TÜİK’in projeksiyonlarına göre, Türkiye’nin nüfusu 2040 yılında 100 milyon 331 bin 233’e yükselerek ulaşması bekleniyor ancak son yıllarda yaşanan doğurganlık hızındaki düşüş, bu hedefin ne kadar gerçekçi olduğunu sorgulatıyor. Türkiye’deki toplam doğurganlık hızı, 2001’de 2,38 çocuk iken 2023 yılında 1,51 çocuğa geriledi. Bu da, nüfusun kendini yenileme düzeyi olan 2,1’in altında kaldığını gösteriyor.
Hacettepe Üniversitesi Nüfus Etütleri Enstitüsü Müdürü Prof. Dr. İsmet Koç, ülkenin nüfus perspektifine ilişkin önemli açıklamalarda bulundu. Koç, Türkiye’nin nüfusunun son yıllarda yaşlanma eğilimine girdiğini belirtirken, doğurganlık seviyesindeki düşüşün bu durumda etkili olduğunu vurguladı.
Türkiye’nin genç nüfus özelliğini kaybederek yaşlı nüfus niteliğine kavuştuğunu belirten Koç, bu eğilimin devam etmesi halinde, Türkiye’deki yaşlı nüfus oranının 2050’de yüzde 20’ye yükseleceğini öngördü. Doğurganlık seviyesindeki düşüşün yanı sıra, yaşam beklentisinin artması da nüfusun yaşlanmasına katkı sağlıyor. Türkiye’deki doğurganlık seviyesinin, Avrupa ülkelerine kıyasla düşük olduğunu ve bu durumun 100 milyonluk nüfusa ulaşma hedefini zora soktuğunu belirtti.

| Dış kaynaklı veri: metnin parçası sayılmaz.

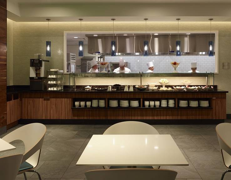 - Work & Play: Connected work spaces include high speed Wi-Fi and outlets near every seat, and a sound-proof family room allows a safe and fun place for kids to play.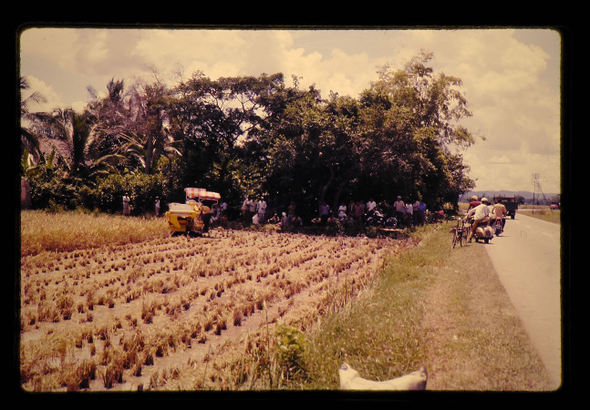 日本製コンバインによる収穫状況 = Harvesting By Japanese Head-feeding Combine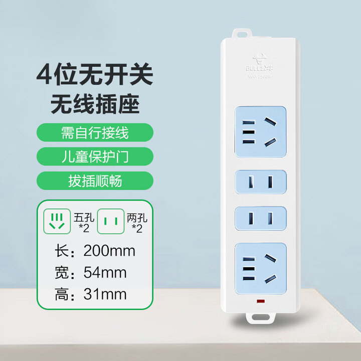 公牛(BULL)插座/插线板/插排/排插/接线板/拖线板 4位无线插座 GN-101 无线(需自行配电源线和插头)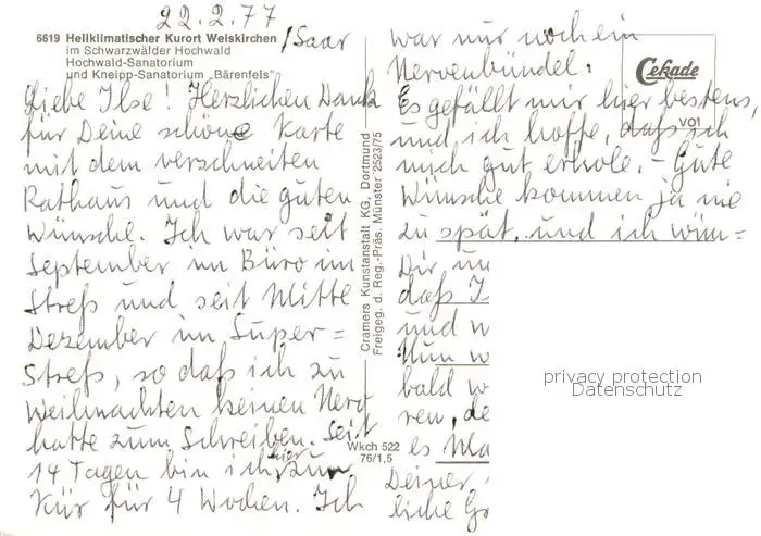 Weiskirchen_Saar Schwarzwaelder Hochwald Sanatorium Baerenfels Weiskirchen Saar postalisch nicht gelaufen 1977 Fliegeraufnahme Erhaltung siehe scans [FriedD77] Fliegeraufnahme Frierer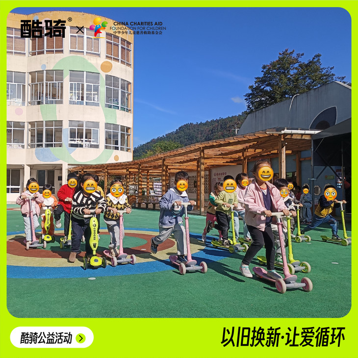 车主们用旧车换新车,旧车再捐赠给需要的孩子循环使用,让闲置车车发挥更大价值,助力山区儿童快乐骑行,陪伴园内百余位留守孩子们健康成长!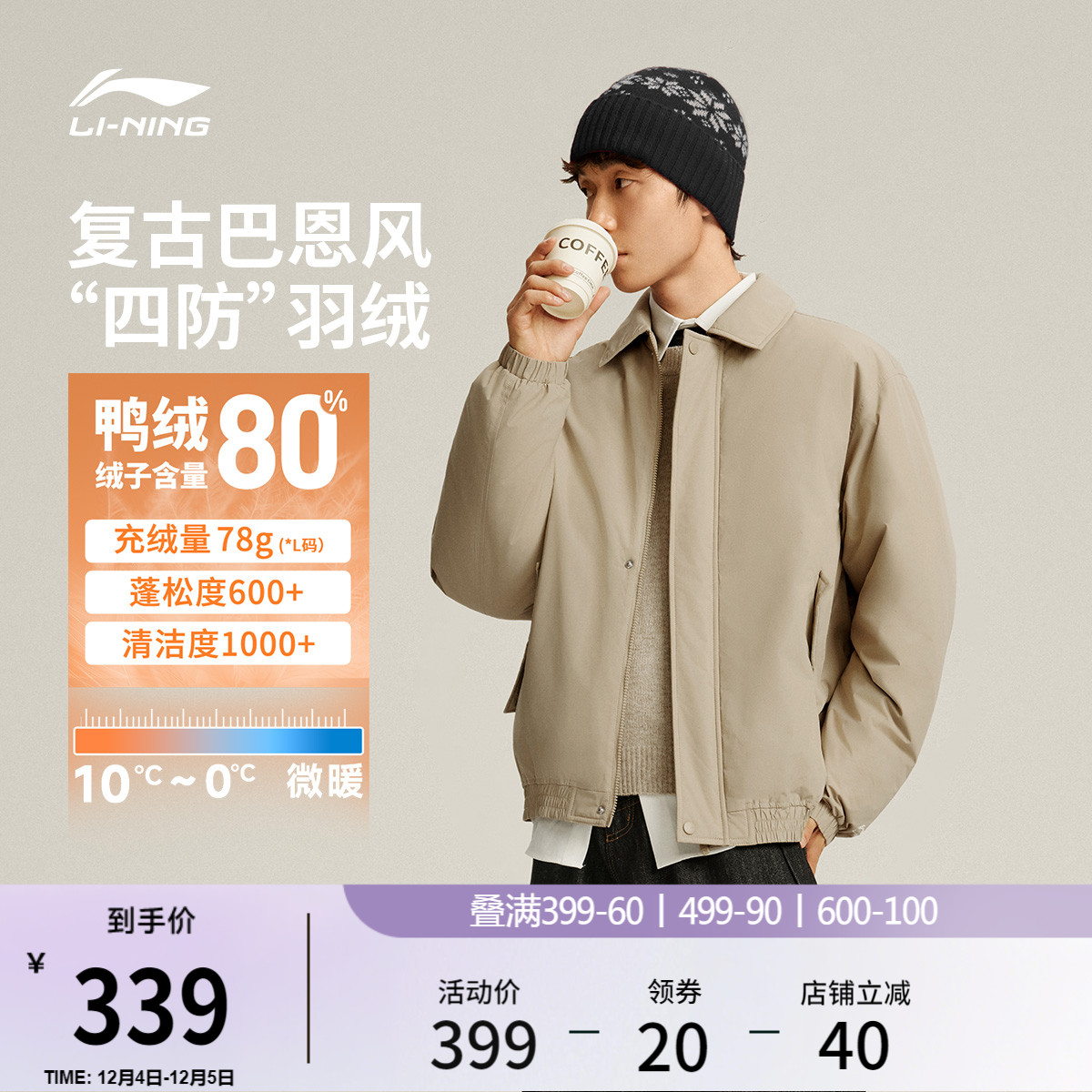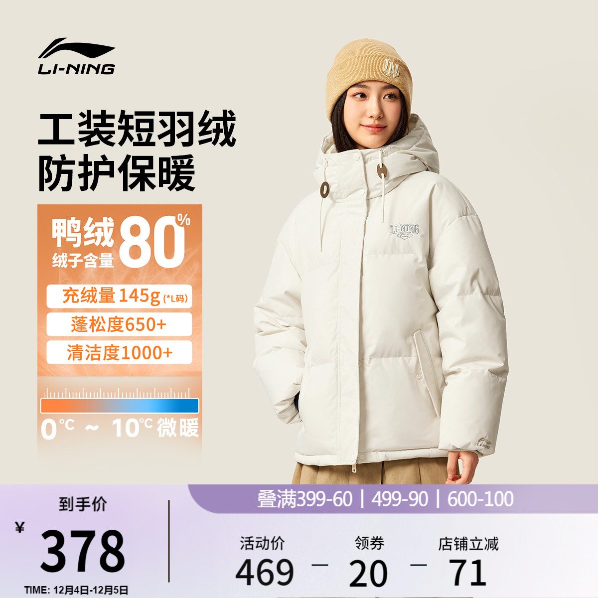 Li Ning hot pot down jacket丨Men's winter short duck down clothes couple barn-style jacket warm lapel jacket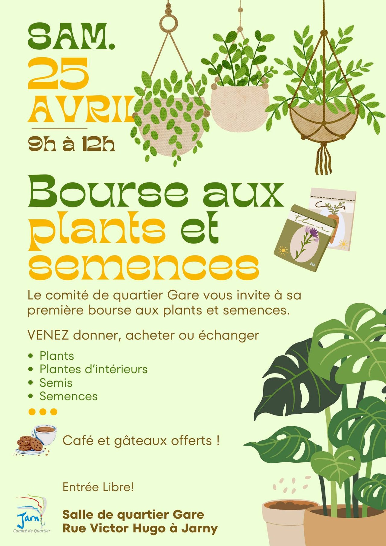Le Comité de quartier Gare vous invite à sa bourse aux plants et semences le samedi 25 avril de 9h à 12h, à la Salle de quartier Gare. Un moment convivial pour :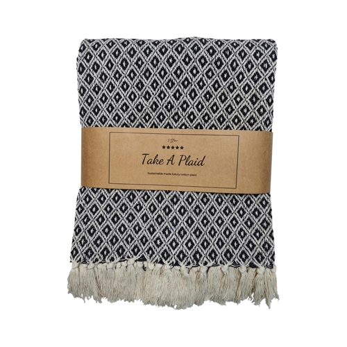 Skab en hyggelig og stilfuld stemning i dit hjem med denne smukke bomulds plaid fra Take a plaid. Plaiden er fremstillet i 100% recycled bomuld, hvilket gør den både blød, komfortabel og til et mere bæredygtigt valg.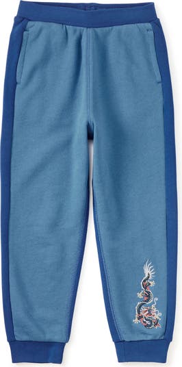 These cozy colorblock joggers strike the perfect balance between sporty and stylish. The standout feature is the embroidered dragon detail near the ankle, a nod to bold and mythical artistry. Crafted from soft, breathable 100% cotton French terry, they feature an elastic waist with an adjustable interior drawcord for all-day comfort and a customizable fit. Thoughtful design elements like on-seam pockets and a back patch pocket make them practical for everyday adventures. Pairs effortlessly with the matching sweatshirt for a fun coordinated look.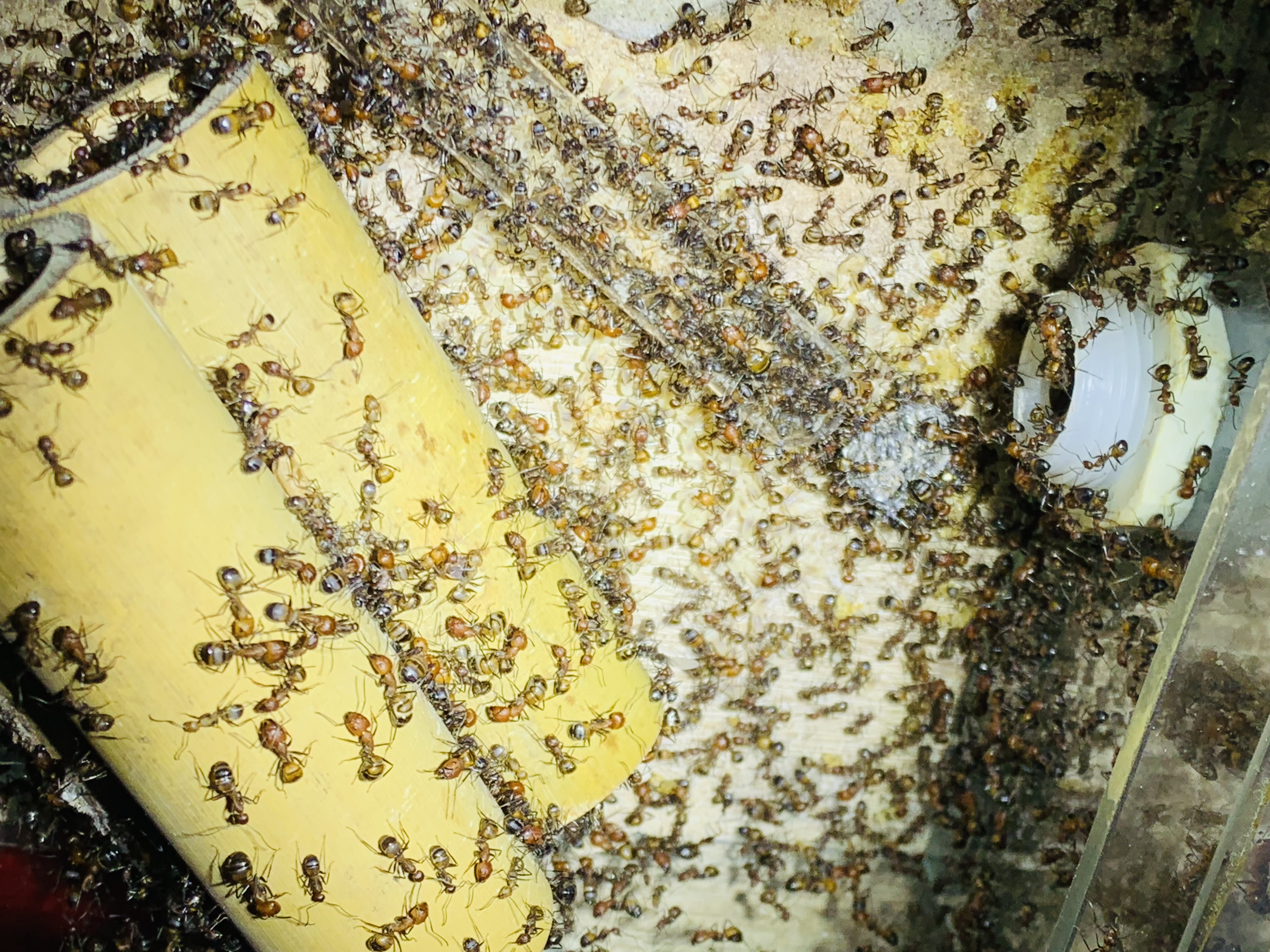 Im Sommer 2021 kam der erste Schwung an Geschlechtstieren sehr viele Jungköniginnen und Männchen wurden aufgezogen. Zuerst ist man richtig stolz, dass sie das machten, jedoch wurden diese irgendwann fast zur Plage. Trotz dem riesigen Potenzial der Jungköniginnen sind sie in der Heim-Ameisenhaltung nur Ballast. Ich habe fleißig Jungköniginnen und später auch Männchen aussortiert.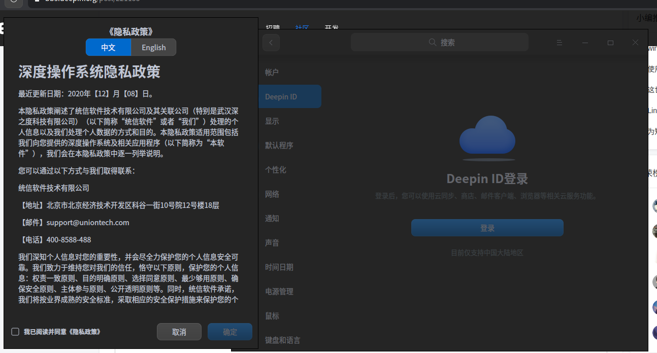 点开Deepin登录直接跳转到《隐私政策》,勾选确定之后没有任何响应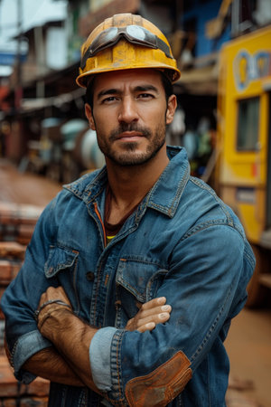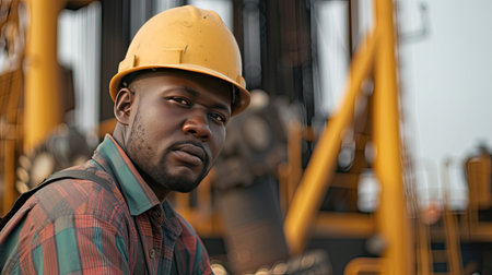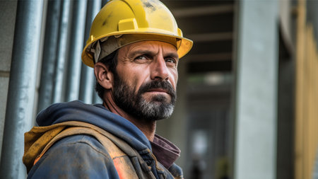 Close-up of an experienced construction worker with a yellow hard hat and stern expression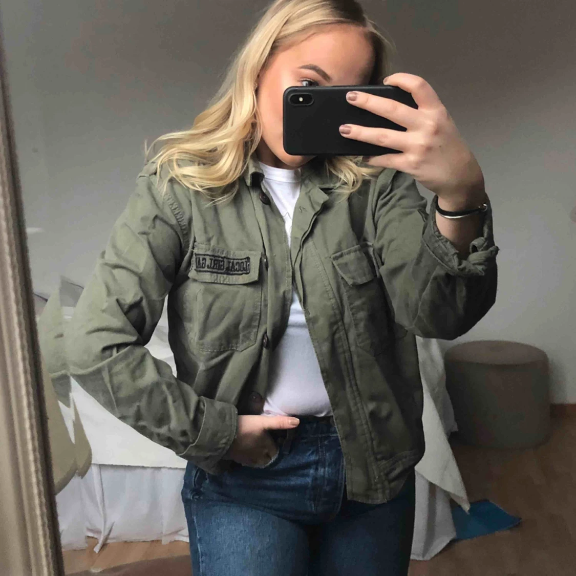 Militärgrön jacka o fint skick, använd fåtal gånger! Står ”local girl gang” på ena fickan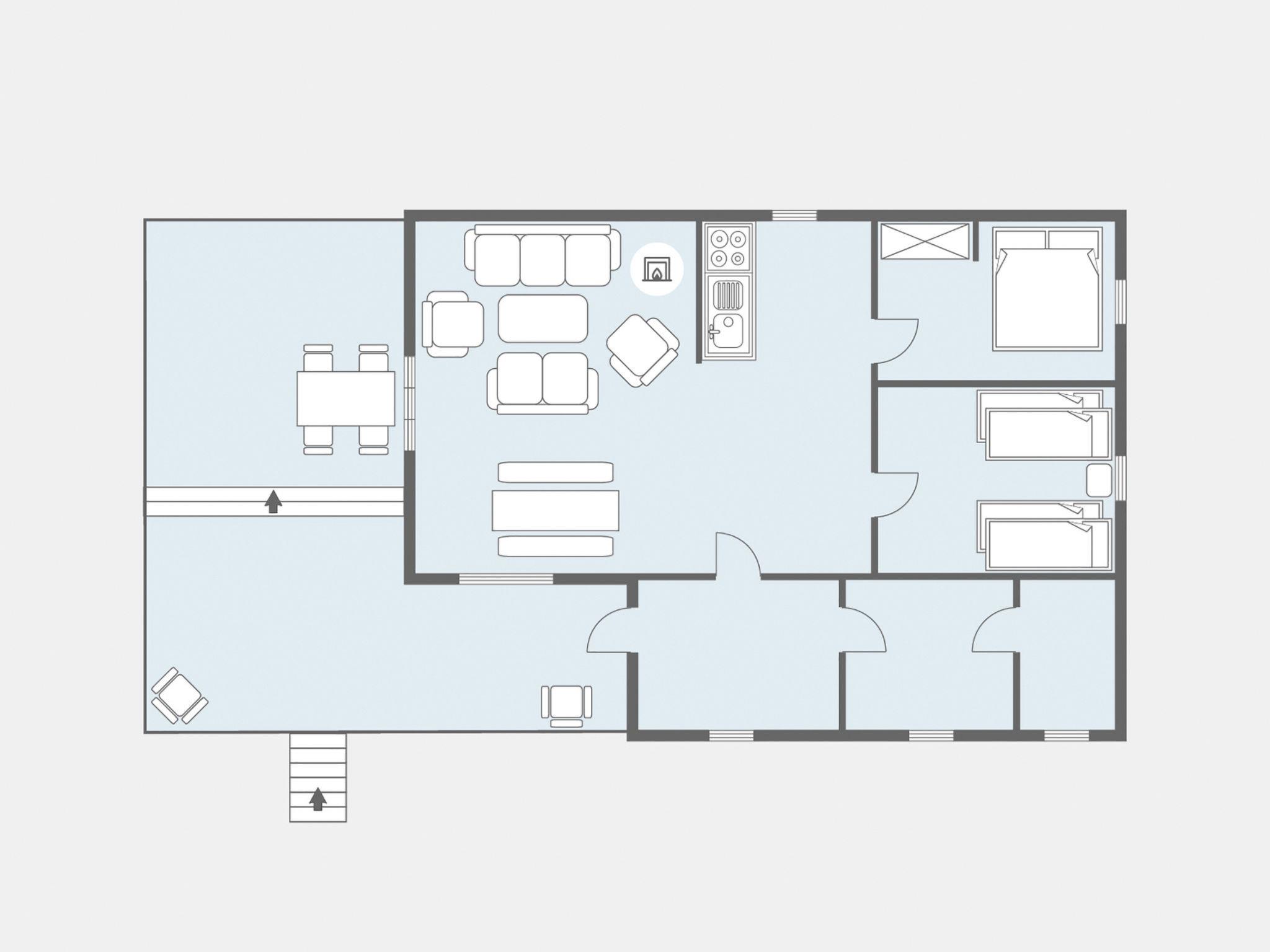 "Telemarkshytta", 3-room house 60 m2. Object suitable for 4 adults + 2 children. Rustic furnishings: living/dining room with open-hearth fireplace and dining table. 1 room with 1 double bed (140 cm, length 200 cm). 1 room with 2 x 2 bunk beds (80 cm, length 200 cm). Kitchenette (mini-oven, oven, Gas stove, 4 gas rings). Simple dry toilet. Wood heating. Heating not available in all rooms. Wooden floors. Terrace partly roofed. Terrace furniture, barbecue (portable). View of the lake. Please note: non-smoking house. Maximum 1 pet/ dog allowed. Smoke alarm, fire extinguisher. Bed layout is flexible. There are more sleeping options available than the maximum number of people allowed which may, however, not be exceeded. 924531169

Koç, Türkiye’deki doğurganlık seviyesinin düşmesinde ekonomik faktörlerin yanı sıra, aile yapısında yaşanan değişikliklerin etkili olduğunu ifade etti. Artan iş-yaşam dengesi talebi ve kadınların eğitim seviyelerinin yükselmesi, doğurganlık seviyesindeki düşüşte önemli rol oynuyor. Bu bağlamda, kadınların iş-yaşam dengelerini kurabilecekleri sosyal politikaların önemine vurgu yaptı.